Me? I use them all, I teach them all in my classes but for most jobs I grab the Supa BEAST.


The BEST thing you could do is find a way to use one of each, use the RUPES, use the Makita and use one of the corded BEASTS and this will tell you which one you like best.


----------



## NickA (Jun 15, 2008)

Walesy. said:


> Will be honest Nick, the DAS6 put me off reaching for the polisher, it really did. So in my mind, if I had a significant outlay, I would turn to it and enjoy it more (well, I have been out of action for 2 months due to a knee issue...2020 can do one).
> I understand where you are coming from with the pads etc. But the kits you can get from these guys, are great value. Give them a call
> https://www.powertoolsalesuk.com/pr...lle-gear-driven-dual-action-polisher-stn-kit/


Yeah I already had a butchers at their website a while ago as they seem to be the cheapest around for the Mille. Did you just order the machine or did you go standard or deluxe?

I actually phoned them a while ago to enquire if there were any further discounts to be had but they weren't playing ball lol unless you know otherwise? 

I think the good thing for me is that if I go down the Mille route then I can offset the cost by most probably selling the Vertool and the Rupes rotary (I'd still have my Shinemate EP803 for the intricate stuff)

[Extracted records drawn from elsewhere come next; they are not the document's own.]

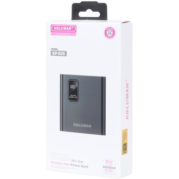 پاوربانک KP-025 تولید شرکت کلومن از یک باتری لیتیومی با ظرفیت 10000 میلی آمپر ساعت بهره میبرد. این پاوربانک 100گرم وزن دارد . با داشتن این پاوربانک دیگر بابت تمامشدن شارژ باتری گوشی موبایل، تبلت، دوربین دیجیتال و لوازمی از این قبیل نگرانی نخواهید داشت؛ زیرا میتوانید در هر شرایطی بدون نیاز به پریز برق، باتری گوشی موبایل یا دیگر لوازم سازگار با این محصول را با یک کابل USB شارژ کنید. در ساخت این دستگاه از تکنولوژی شارژ سریع Quick Charge 3.0 استفاده شده است. پشتیبانی از شارژ سریع به این معنی است که باتری دستگاه شما با کمک این پاوربانک سریعتر از شارژرهای معمولی شارژ خواهد شد. البته باید توجه داشته باشید که تکنولوژی شارژ سریع تنها با دستگاههای دارای استاندارد شارژ سریع سازگار است و در دستگاههای معمولی امکان استفاده از این تکنولوژی وجود ندارد. شدت جریان خروجی در این شارژر همراه با توجه به ولتاژ خروجی آن، متفاوت است. زمانی که ولتاژ خروجی در این محصول 4.5 تا 5 ولت باشد، شدت جریان خروجی 3 تا 5 آمپر است. این در حالی است که اگر ولتاژ خروجی در این محصول 6 تا 9 ولت باشد، شدت جریان خروجی برابر با 2 آمپر خواهد بود. در حالت سوم و زمانی که ولتاژ خروجی 9 تا 12 ولت باشد، شدت جریان خروجی برابر با 1.5 آمپر است. در مورد شدت جریان ورودی این محصول نیز باید بدانید که اگر در حالت عادی ولتاژ ورودی در آن 5 ولت باشد، شدت جریان ورودی2 آمپر خواهد بود و در حالت شارژ سریع (5V ⎓3A) است. شما میتوانید وضعیت شارژ باتری KP-025 را از طریق صفحه نمایشگر LED روی بدنه بررسی کنید.توان کلی این دستگاه تا 22.5 وات میباشد و این دستگاه مجهز به فناوری PD با توان 20وات نیز میباشد. که یکی از قابلیت های بسیار مهم آن میباشد زیرا شما هم میتوانید با این درگاه پاوربانک را شارژ کنید و هم به عنوان خروجی از آن استفاده کنید و دستگاه خود را با آن شارژ کنید. این پاوربانک دارای 3خروجی میباشد .نکته قابل توجه در این دستگاه ابعاد کوچک و وزن بسیار کم آن است که باعث میشود به راحتی در کیف و یا حتی جیب شما قرار بگیرد و به راحتی از آن استفاده کنید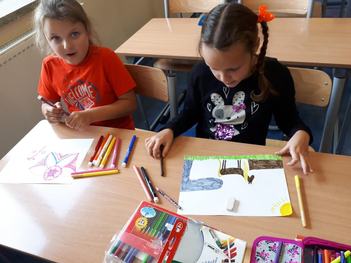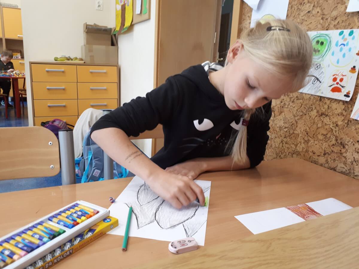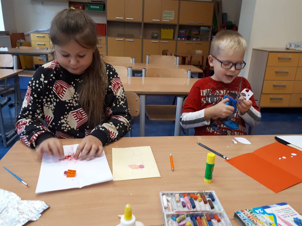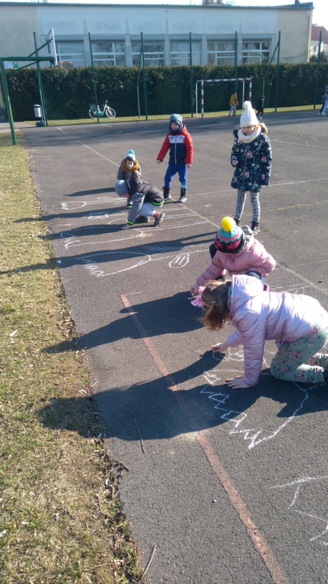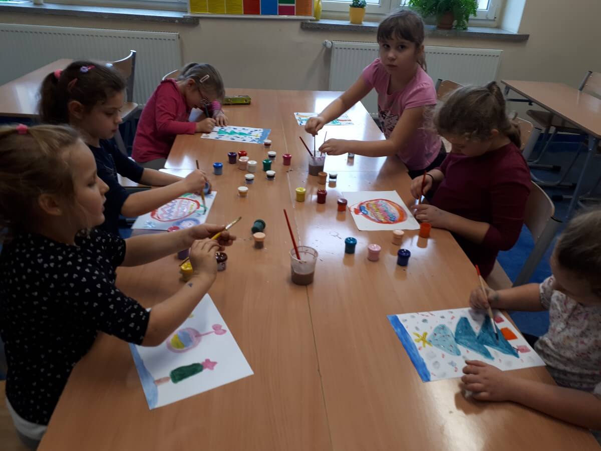 Oprócz aktywności fizycznych, na świetlicy szkolnej nie brakuje również kreatywnych zabaw, które rozwijają wyobraźnię i zdolności manualne dzieci. Malowanie kredą na chodniku, rysowanie na papierze, to tylko niektóre propozycje, które cieszą się dużym zainteresowaniem wśród uczniów.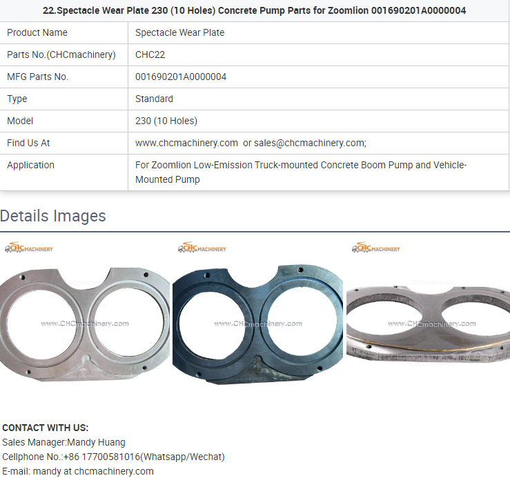 - 22.Spectacle Wear Plate 230 (10 Holes) Concrete Pump Parts for Zoomlion 001690201A0000004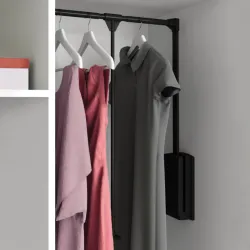 Sklopná šatníková tyč umožňuje jednoduchý prístup do horných častí skrine. Šírka tyče je nastaviteľná, aby sa prispôsobila úžitkovému priestoru šatníkovej skrine. Tyč má tlmiaci mechanizmus s tichým dovieraním a maximálnu nosnosť 12 kg. Pri inštalácii do šatníkovej skrine s klasickými dverami na pántoch odporúčame montáž spolu s dištančnou podložkou (pozri súvisiaci tovar).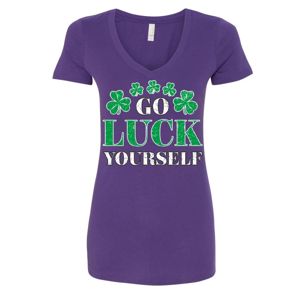 GO LUCK YOURSELF women's v-neck t-shirt st. patrick's day offensive funny irish purple
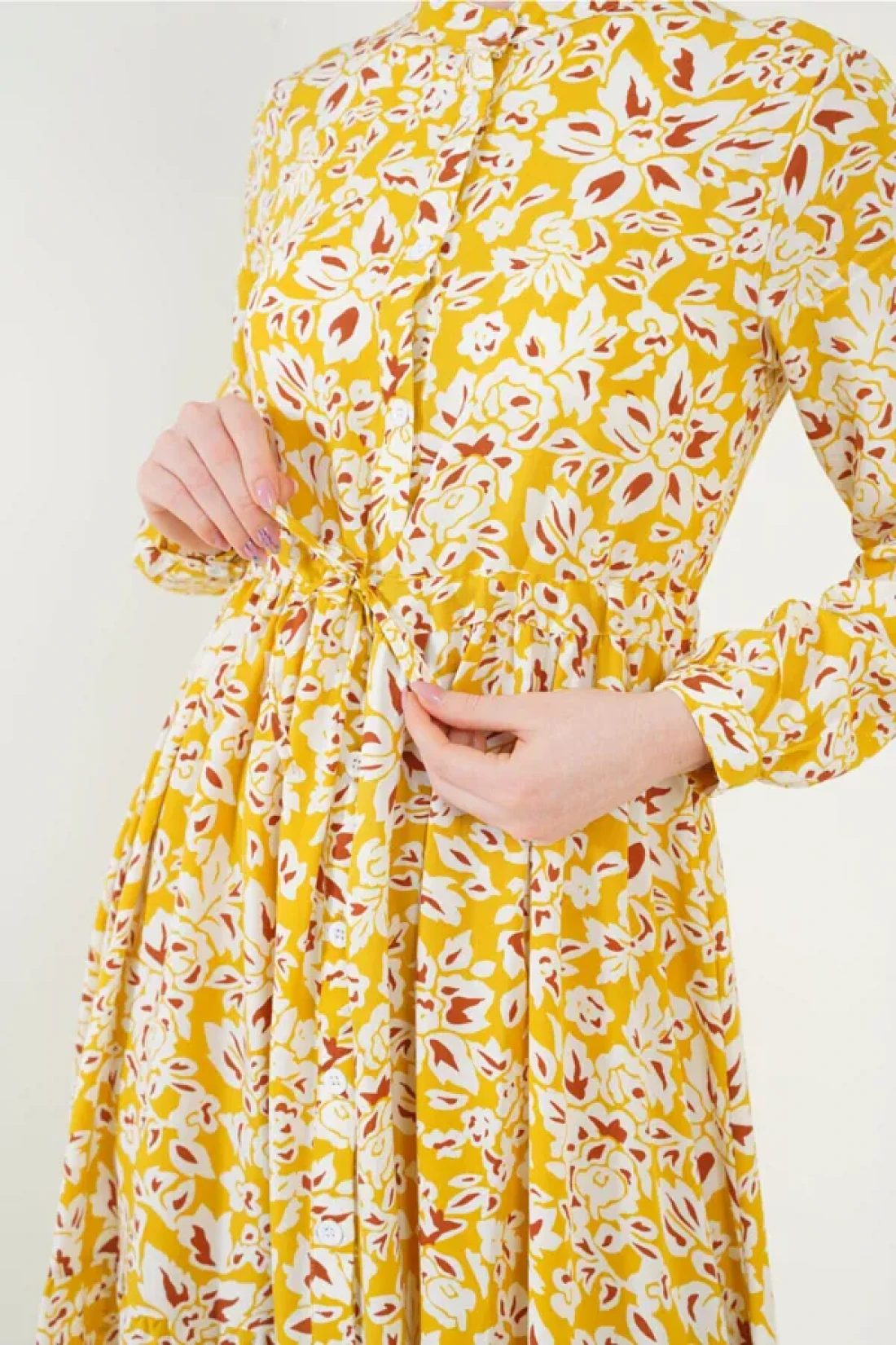 محتوى المنتج 100٪ فيسكوز. ميزات المنتج: فستان بياقة مستقيمة، فستان بأزرار طول. معلومات نموذج الجسم: الحجم: 38. طول المنتج: 136 سم. طول الأكمام: 60 سم. قياسات العارضة: الطول: 176، الصدر: 90، الخصر: 63، الورك: 94. تعليمات الغسيل والاستخدام العامة • يجب غسل المنتجات اليدوية والمرصعة بالخرز في برنامج حساس من الداخل إلى الخارج • قد تتساقط المنتجات المطبوعة مع مرور الوقت • لتجنب تلف المنتج أثناء الغسيل، لا تتجاوز 30 درجة مئوية • اغسل المنتج وفقًا لتعليمات الغسيل • استخدم المنظف المناسب للمنتجات الملونة • قد تتغير المنتجات الجينز والمنتجات ذات الألوان الداكنة عند غسلها مع المنتجات الأخرى ذات الألوان الفاتحة. لا تغسليه معًا، ولا تعرضي الملابس لأشعة الشمس المباشرة أثناء تجفيفها.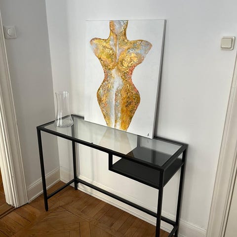 Sidobord ”Ry” i metall och glas designat av Tord Björklund för IKEA. 1980-tal.

Have you tried anything other than the Rupes pads with yours? (I have loads of Hex logic and Flexipads which I'd still like to use)


----------



## Walesy. (Oct 1, 2009)

I never got th Mille from them mate, I got it from Bartons chemicals. However, I did buy a LHR15 MK111 from them, standard model and they gave me a load more pads in the pack too. They were reasonable to deal with. The LHR15 btw, was for a mate who then changed his mind about it...I kept it. 

The pads, Ghosty on here, used the Mille with Hex logic pads and Koch chemie h9 for his trade cars and it was his go to combo....I have a couple of hex pads, which I will try with it actually. But, I believe the pads for the Mille (and the new DA range inculsive) are designed to get heat away from the panel. 

I bought a Liquid elements for the intricate stuff from IO Detail. 

All going well, I will be getting a decent winter prep on both cars in the next 4 weeks and give me a chance to play more (on annual leave soon) Having had knee issues and plantar fasciitis occurrences, my activity has ben limited this year.


----------



## ad_182_uk (Mar 2, 2014)

Do the new DA coarse and fine compounds (blue and yellow) work with the mille? Or should you really just stick to the mille specific compounds. 

Reason i ask is, you may have the new da compounds which are fine with duetto / mini / ibrid etc so would be nice if the worked with the mille too


----------